Mrs. Freeman always knows everything before anyone else. I always said so myself is one of her favorite sayings. Joy used to listen to the women talk over breakfast, Mrs. Freeman hanging in the doorway and her mother getting a bit impatient. Mrs. Hopewell had had plenty of other people before, who didn't work out. Then she'd walk the farm with Joy, who was so glum that Mrs. Hopewell told her not to come along if she was going to be like that. Joy told her that she'd just have to take her as she was. Mrs. Hopewell excused these kind of remarks because of the leg, shot clean off in a hunting accident. Thirty-two, and never danced a step! Joy legally changed her name to Hulga--Mrs. Hopewell figured she had chosen the ugliest name she could find and refused to call her that. Hulga didn't like the Freemans, until she figured out that Mrs. Freeman and her girls could distract her mother from her focus on her. And Mrs. Freeman was fascinating: you simply couldn't insult the woman, or if she was mad at you it would be a mystery why. And, then, one day, Mrs. Freeman just started calling her "Hulga," but never around Mrs. Hopewell. Hulga/Joy didn't like Mrs. Freeman using her new name. It was as if Mrs. Freeman were being too personal, had come to close to some secret of Hulga's. then Hulga figured it out: Mrs. Freeman was fascinated by the artificial leg--she could listen to the story over and over again, from Mrs. Hopewell, and be freshly engrossed each time.

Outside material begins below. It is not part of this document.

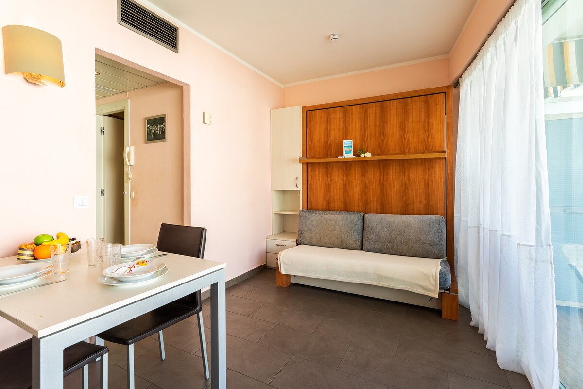 - A living room / dining area with a double sofa bed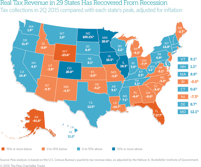 A comparison of each state’s tax receipts in the second quarter of 2015 with its peak quarter of revenue before the end of the recession, averaged across four quarters and adjusted for inflation, shows:

Hulga stumped into the kitchen each morning--she didn't have to, but she seemed to like being unpleasant. Mrs. Hopewell thought that Joy could be attractive, if she wanted to be. People who look on the bright side can be beautiful, even they aren't, she thought--and said aloud. She was sorry Joy had got the Ph.D. Now there would be no more school to send her off to, where she might meet some nice young people. But there was another problem anyway: Joy had a weak heart and probably wouldn't see forty-five anyway. If it weren't for this, Joy might at least be at some university, lecturing to young scarecrows like herself--instead of home dressed in old clothes and stumping around the house all sullen. She was brilliant, without a grain of sense. And she said things that Mrs. Hopewell could not understand, talking about how Mrs. Hopewell could never look inside herself, that someone named Malebranche was right. All Mrs. Hopewell had said was that a smile never hurt anyone.

Unfortunately, Joy's Ph. D. was in philosophy. You could say your daughter was a teacher--or a chemical engineer, even--but you couldn't say your daughter was a philosopher! Joy looked at young men like she could smell how stupid they were. Joy read books that no regular human could understand--gibberish.